Although breech-loading is often considered a modern innovation which facilitated the loading of cannons, breech-loading swivel guns were invented in the 14th century, and used worldwide from the 16th century onward by numerous countries, many of them non-European. They have been called by many names, sometimes "Murderer", "Base", "Sling", "Port-Piece", "Serpentine", "Culverin", "Pierrier", "Stock Fowler", and "Patterero" in English; "Pierrier à boîte" in French; "Berço" in Portuguese; "Verso" in Spanish; "Prangi" in Turkish; "Kammerschlange" (lit. "chamber snake", properly means "breech-loading falconet") in German; "Folangji" (佛郎机, from Turkish "Prangi" or Turkic "Farangi"), "Folangji chong" (佛郎机铳, Prangi or Farangi gun), "Fo-lang-chi p'ao" (佛朗机炮 or 佛朗機砲, Portuguese cannon) in Chinese; "Bulanggi-po" ("불랑기포[佛郞機砲]") in Korean; "Furanki" (仏郎機砲, "Frankish gun") or 子砲 ("Child cannon") in Japanese; and "Bedil" or "bḍil" (ꦧꦣꦶꦭ) in Javanese. Some of them were used until the 20th century.

Breech-loading swivel guns were developed surprisingly early, and were used from 1364 onward.

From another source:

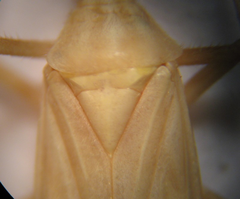 Questo grosso miride è un Miridius, ma non il comune M. quadrivirgatus (Costa, 1853), caratterizzato dalla presenza di due bande rossastre longitudinali sullo scutello. Questo appartiene al gruppo del pallidus, in cui lo scutello è interamente chiaro, ma determinare la specie a vista è impossibile perché le tre specie che ne fanno parte si possono separare soltanto esaminando i genitali. Si tratta comunque di una cattura molto interessante perché, qualunque sia la specie, sarebbe nuova per l'Italia.

The guns were loaded with mug-shaped chambers, in which gunpowder and projectile had been filled in advance. The chamber was then put in place, blocked with a wedge, and then fired. As the loading was made in advance and separately, breech-loading swivel guns were quick-firing guns for their time. An early description of a breech-loading swivel gun puts the weight of the gun at 118 kg, equipped with three chambers for rotations, each 18 kg in weight, and firing a 280 g lead shot. The guns had a disadvantage: they leaked and lost power around the chambers, but this was compensated by the high rate of fire as multiple chambers could be prepared in advance. Breech-loading swivel gun could fire either cannonballs against obstacles, or grapeshot against troops.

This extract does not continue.